Considering the high incidence of osteoarthritis (OA), especially of the knee and hip, this study explores the possible genetic associations between OA and cancer types, including cancers of the bladder, kidney, breast, and prostate. The objective of our study is to decipher the complex genetic connections among these common disorders, emphasizing potential correlations and underlying biological processes. However, the genetic connections between these diseases remain largely unexplored. It fills a vacuum in the literature by using a new clustering approach based on Harris Hawks Optimization (HHO-C), which is a first for applying machine learning methods to this particular set of genetic data. To address this gap, we introduce HHO-C, a novel machine learning-based clustering approach, for the first time in this specific genetic dataset. The work accomplishes three noteworthy firsts: firstly, it is the first to apply machine learning to the study of the genetic interactions between OA and these cancers. Second, it creates a flexible genetic dataset that will be very helpful for further studies in this field. Finally, it presents the novel HHO-C approach, showcasing how well it manages intricate genetic data and providing fresh perspectives on genetic data analysis. It is anticipated that the results of this investigation will clarify the genetic relationships between OA and these malignancies, which could result in novel understandings of medical genetics and the creation of fresh approaches to diagnosis and treatment.

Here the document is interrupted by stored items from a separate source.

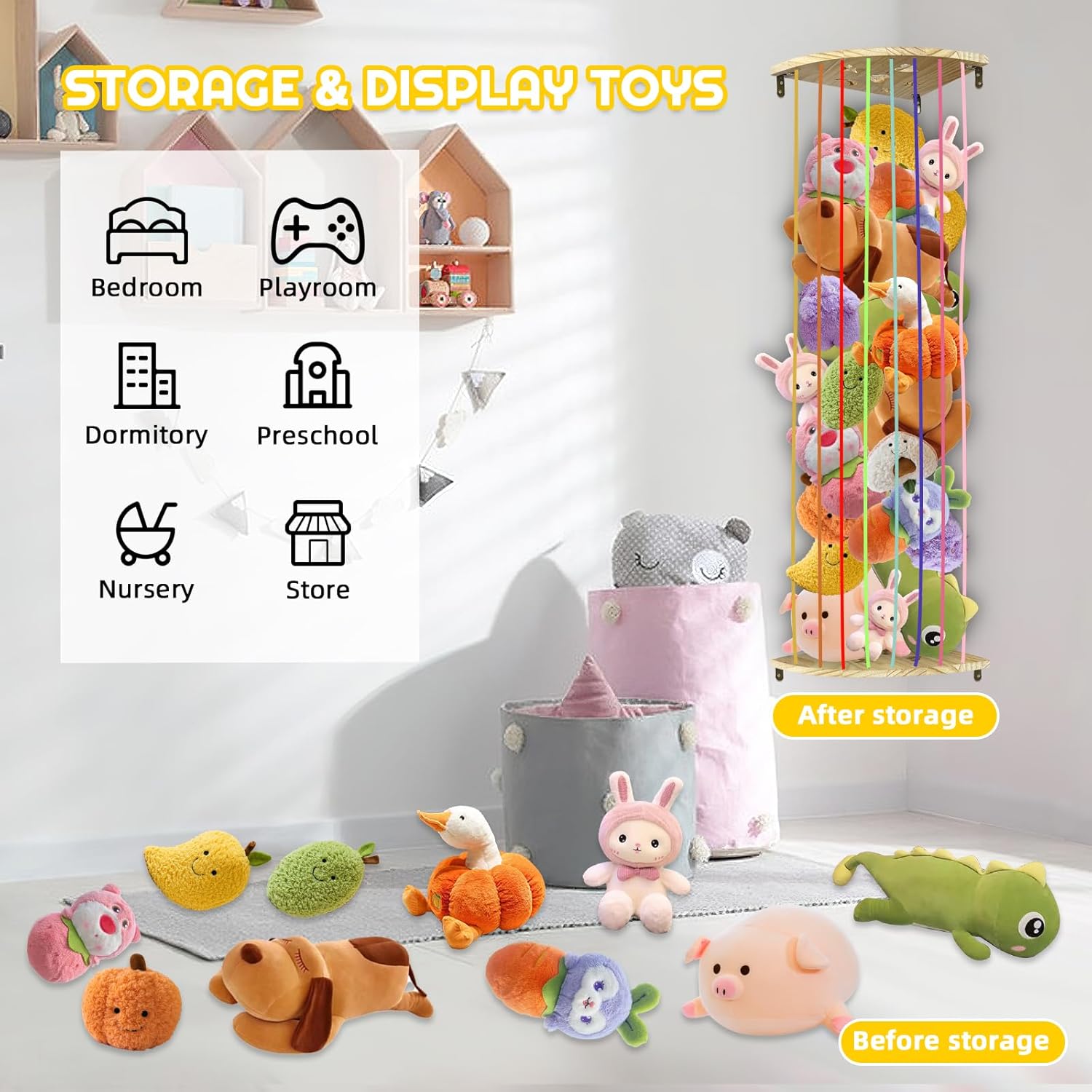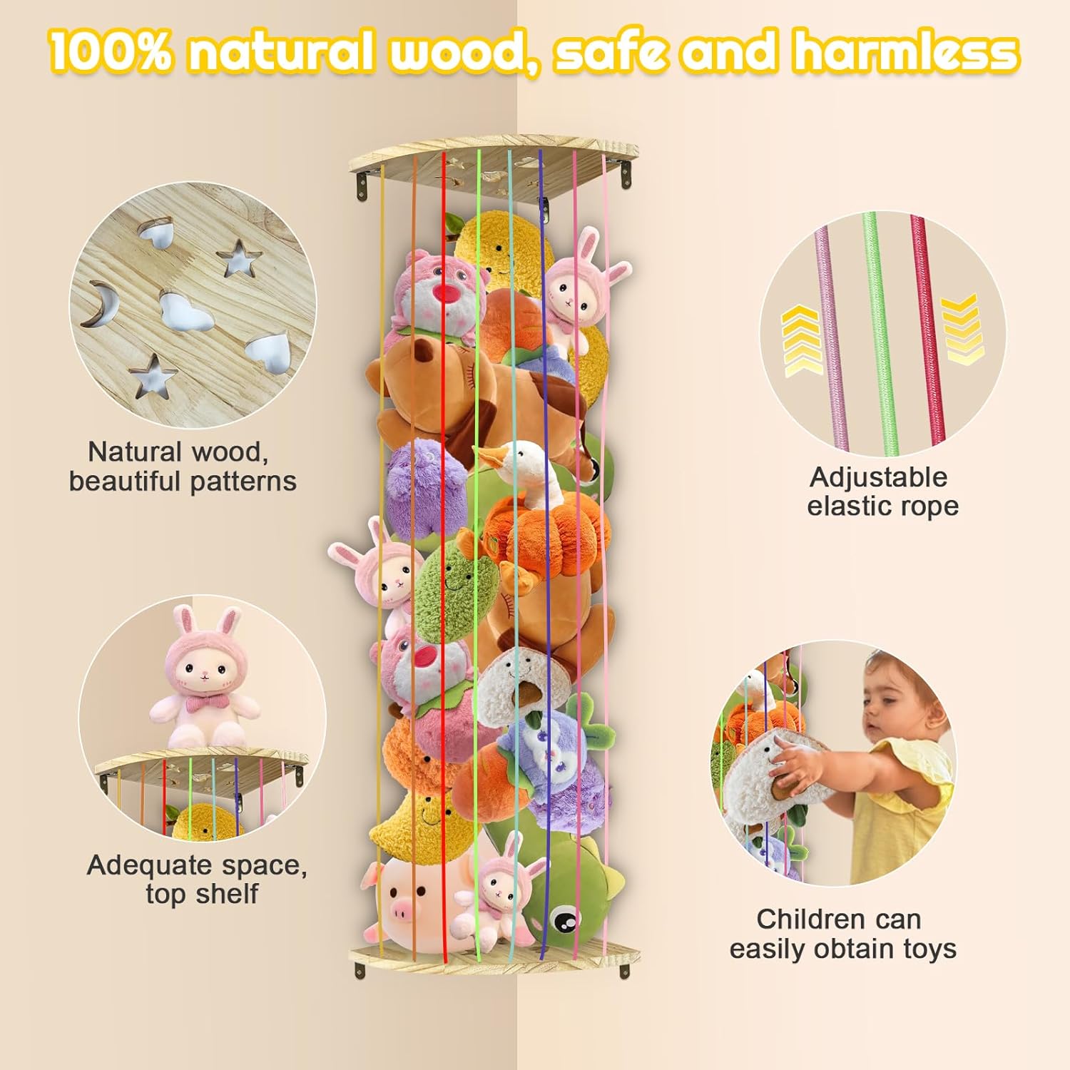 🌲【Strong and Durable Plush Toy Storage】Our meticulously handcrafted pine wood storage is a sturdy solution for organizing stuffed animal toys. With a thickness of 0.47″, it has a strong carrying capacity and durability, making it perfect for decluttering spaces and creating a neat and spacious environment.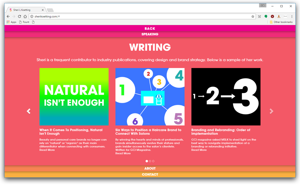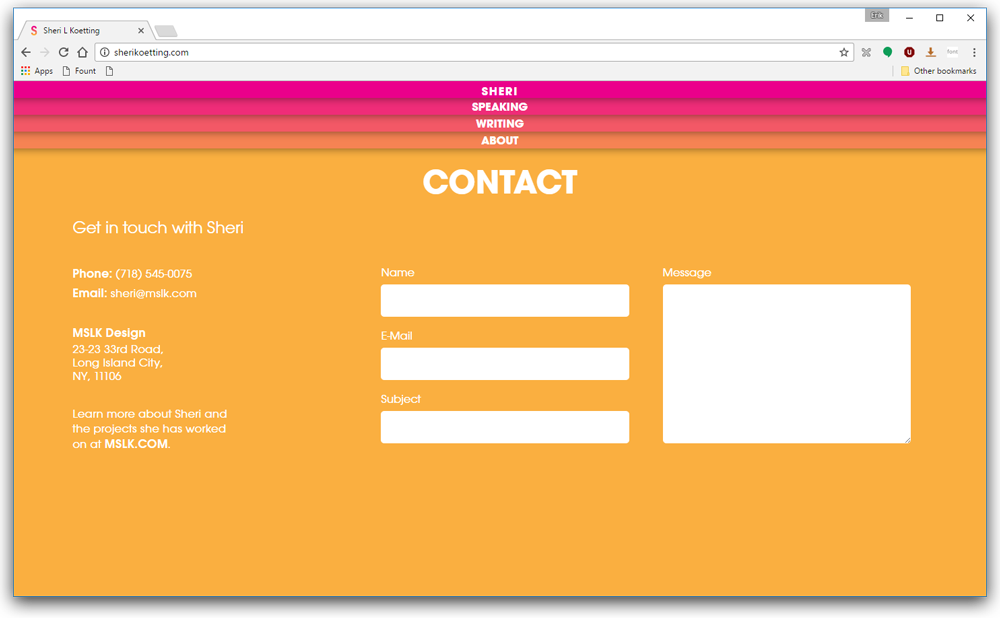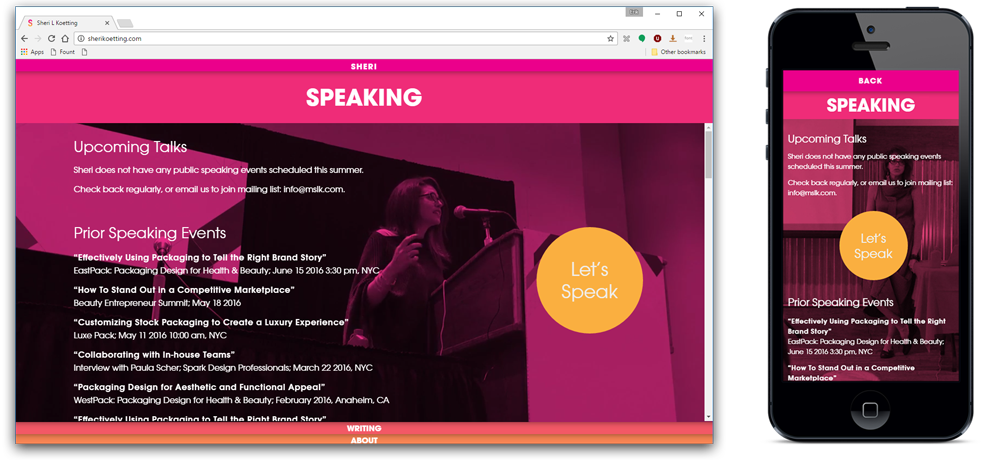 While interning at the design firm MSLK, I was tasked with creating a promotional site for one of the heads of the company, Sheri Koetting. Sheri had become active as a speaker at several design conferences, and wanted a website that she could use to promote her services. I worked with Sheri to establish a site design that communicated her abilities as a designer, and made it easy for her to share conference schedules.
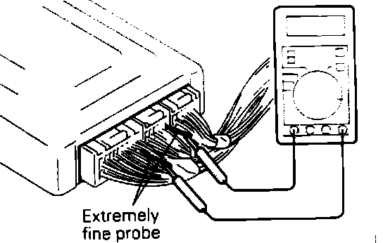 To test pins using a multi-meter do not remove the connector from the ECU, instead insert a straight pin or needle from the back side of the connector to access each pin.

一种新的基于Harris Hawks优化的聚类方法用于阐明骨关节炎和多种癌症类型的遗传关联
考虑到骨关节炎(OA)的高发病率,尤其是膝关节和髋关节,本研究探讨了OA与癌症类型(包括膀胱癌、肾癌、乳腺癌和前列腺癌)之间可能的遗传关联。我们研究的目的是破译这些常见疾病之间复杂的遗传联系,强调潜在的相关性和潜在的生物学过程。然而,这些疾病之间的遗传联系在很大程度上仍未被探索。它通过使用基于Harris Hawks Optimization (HHO-C)的新聚类方法填补了文献中的空白,这是首次将机器学习方法应用于这组特定的遗传数据。为了解决这一差距,我们首次在这个特定的遗传数据集中引入了HHO-C,一种新的基于机器学习的聚类方法。这项工作完成了三个值得注意的第一:首先,它是第一个将机器学习应用于OA和这些癌症之间的遗传相互作用的研究。其次,它创建了一个灵活的遗传数据集,这将对该领域的进一步研究非常有帮助。最后,它提出了新的HHO-C方法,展示了它如何很好地管理复杂的遗传数据,并为遗传数据分析提供了新的视角。预计本研究结果将阐明骨关节炎与这些恶性肿瘤之间的遗传关系,这可能会导致对医学遗传学的新理解,并创造新的诊断和治疗方法。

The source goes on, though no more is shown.